What is expected: Please write out the lines of the data exactly, beginning with the first and ending with the line containing "二级市场方面,自2021年开"; leave the pictures behind.

==== Data extract ====

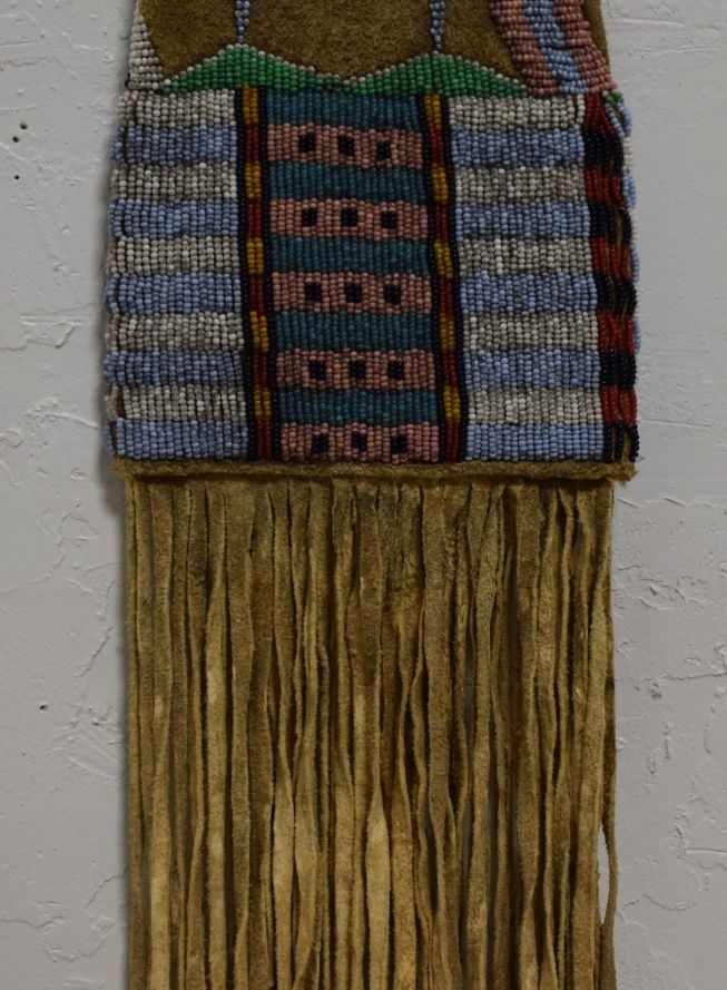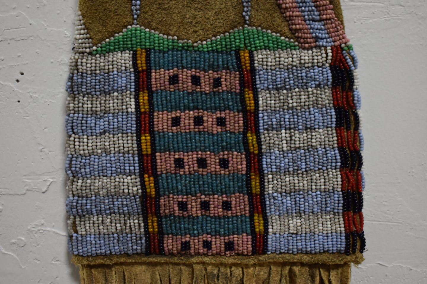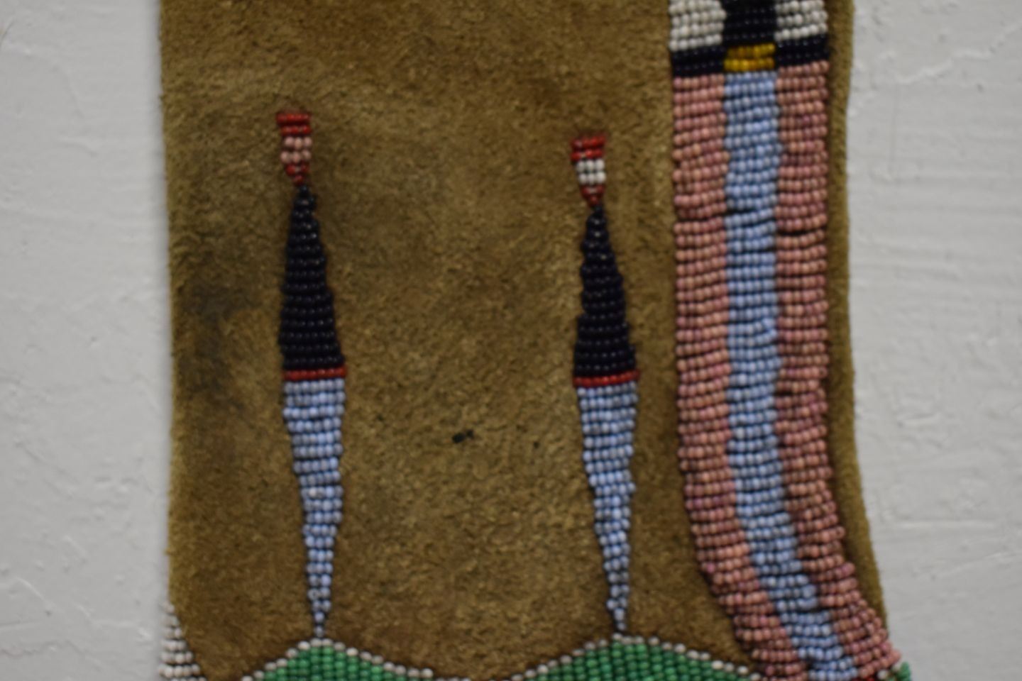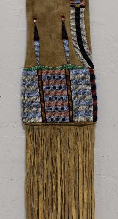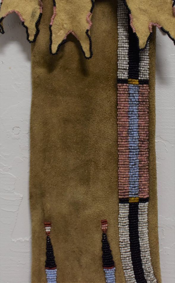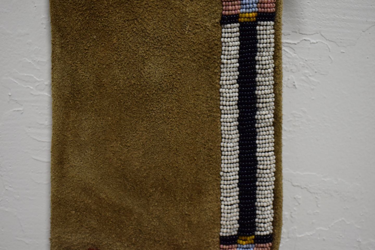20th century Plains Indian. Thread sewn beaded design on native tanned leather. 27'' x 5''.
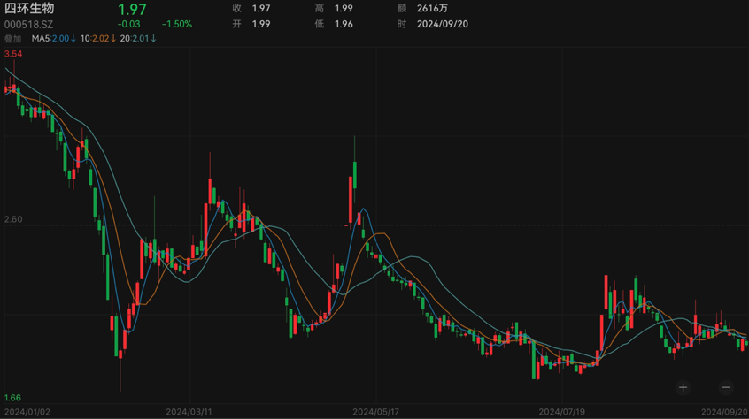二级市场方面,自2021年开始,四环生物股价持续在5元/股以下低位徘徊。今年以来该公司股价进一步跌至2元/股上下波动。截至9月20日收盘,四环生物股价报1.97元/股,总市值为20亿元。
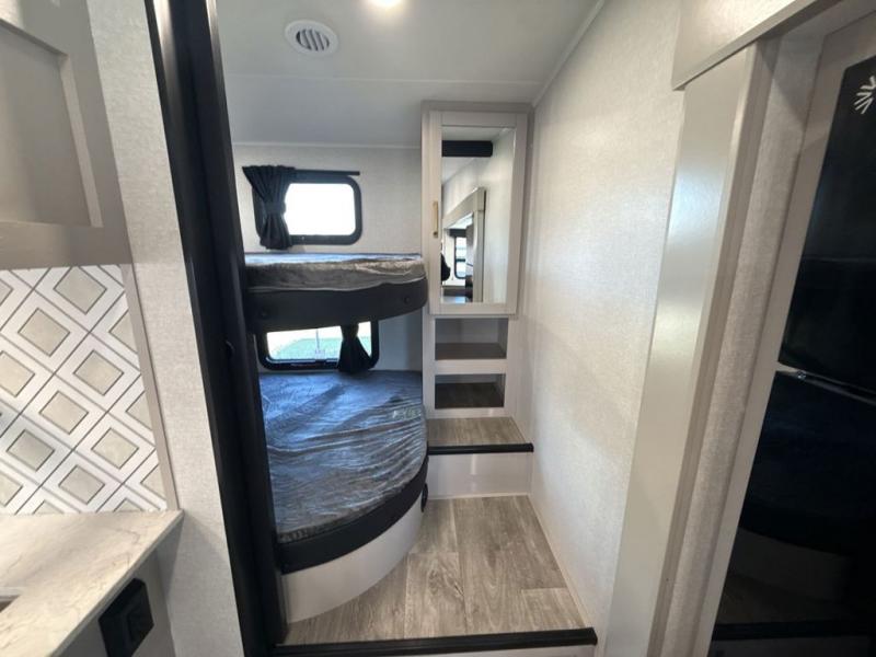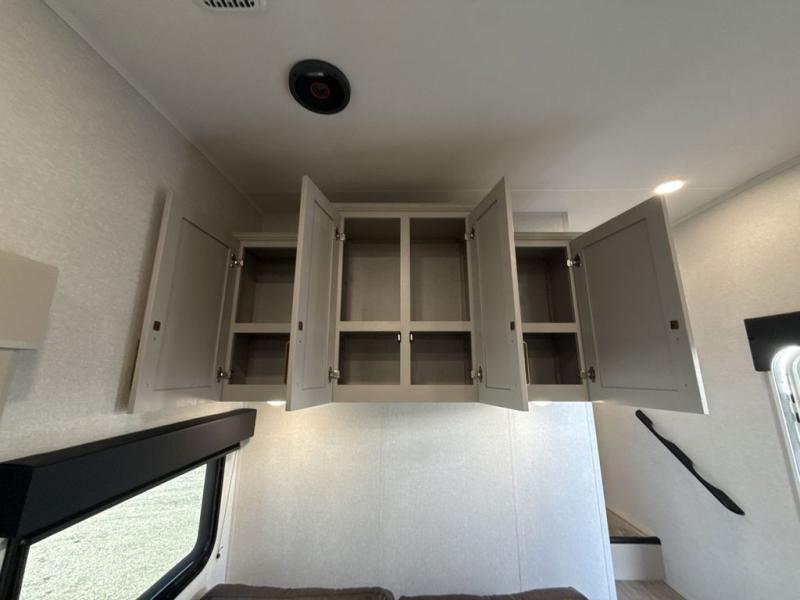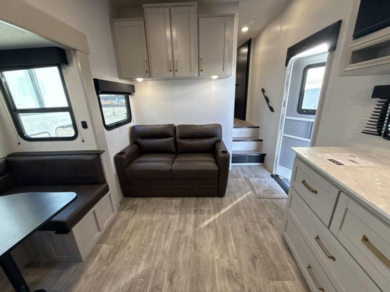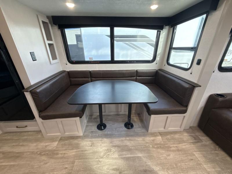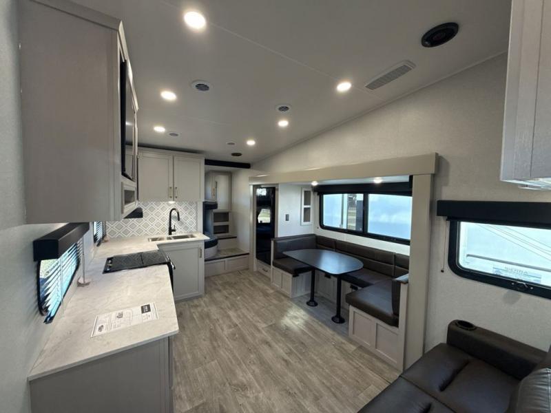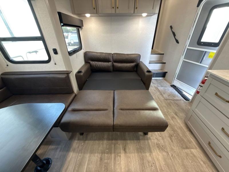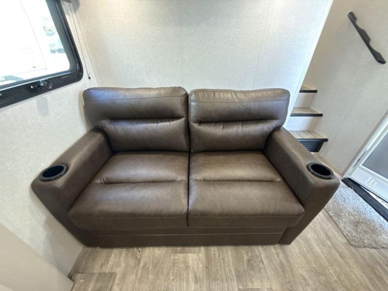 This fifth wheel's spacious interior boasts double-sized bunk beds designed for kids or guests, providing a comfortable sleeping space. A U-shaped dinette that offers ample seating and dining space for meals or even more sleeping space, as well as the 60” tri-fold sofa, which provides additional seating and can be converted into a comfortable sleeping area. In the kitchen area, you will find many amenities to cook delicious meals, such as a microwave, refrigerator, and overhead cabinets that will allow you to keep everything organized. The front bed is spacious, featuring a queen bed ideal for sleeping tight, and the full bath will complete the at-home experience since you will be able to take a refreshing shower on hot days!

====

Finished exercise:
20th century Plains Indian. Thread sewn beaded design on native tanned leather. 27'' x 5''.
二级市场方面,自2021年开始,四环生物股价持续在5元/股以下低位徘徊。今年以来该公司股价进一步跌至2元/股上下波动。截至9月20日收盘,四环生物股价报1.97元/股,总市值为20亿元。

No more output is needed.